As for his claim that “roughly 70 percent of Catholics today don’t believe in the Real Presence of Christ in the Eucharist,” I can say that, in our parish survey conducted seven years ago, 85 percent said they believed in the Real Presence. Perpetual Adoration has been successfully conducted in our parish for a number of years.
As for his statement that “largely gone are…images of the Holy Family and saints, burning candles and smells of incense…,” those items are indeed present in our beautiful church.
Based on Conlee’s article, our parish must be out of step with the rest of the post-Vatican II American Church, or his article reflects conditions in his own parish in Santa Fe, New Mexico.
Marion Elliott
Manteca, California
Just Plain Annoying
I went to a new vernacular Mass the other day, while I was traveling. It was horrible, as it usually is. I go to a Tridentine Latin Mass when I can, but I cannot always get there.
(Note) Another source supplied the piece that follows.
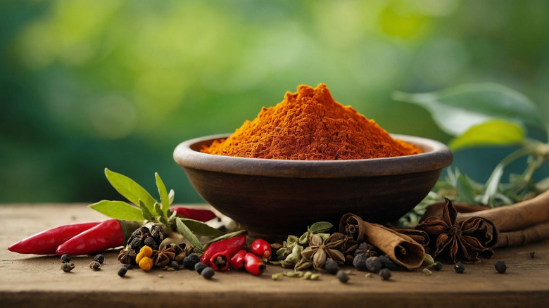 Because chili powder is used as a flavor base for the stew, it contains a blend of different spices meant to give the dish more depth. Chili powder can contain different mixes of chiles depending on the brand, but the most common are cayenne and paprika. Beyond that, it usually contains other staples like cumin, garlic powder, onion powder, and oregano. It's more of a complete seasoning experience meant to be something you can dash right onto steak or grilled corn and be done with it. And while cayenne by itself is quite spicy, because chili powder is mixed with other ingredients, it tends to be more mild and balanced.

The new Mass was so terrible that I had to stand in back of the church behind closed doors. When they played some music, I had to go outside; it was too much to listen to. Then I realized that I felt more peace outside the church than I did inside.
The new Mass is just plain annoying. Aside from the music, there is the way people act and dress — the jeans, the shorts, the midriff showing, T-shirts; people talking, shaking hands on the way to Communion, turning their heads left and right when coming back from Communion, hugging and kissing, sitting down after Communion. Attending a new Mass is one of the most stressful things I have to do all week; it leaves me feeling drained.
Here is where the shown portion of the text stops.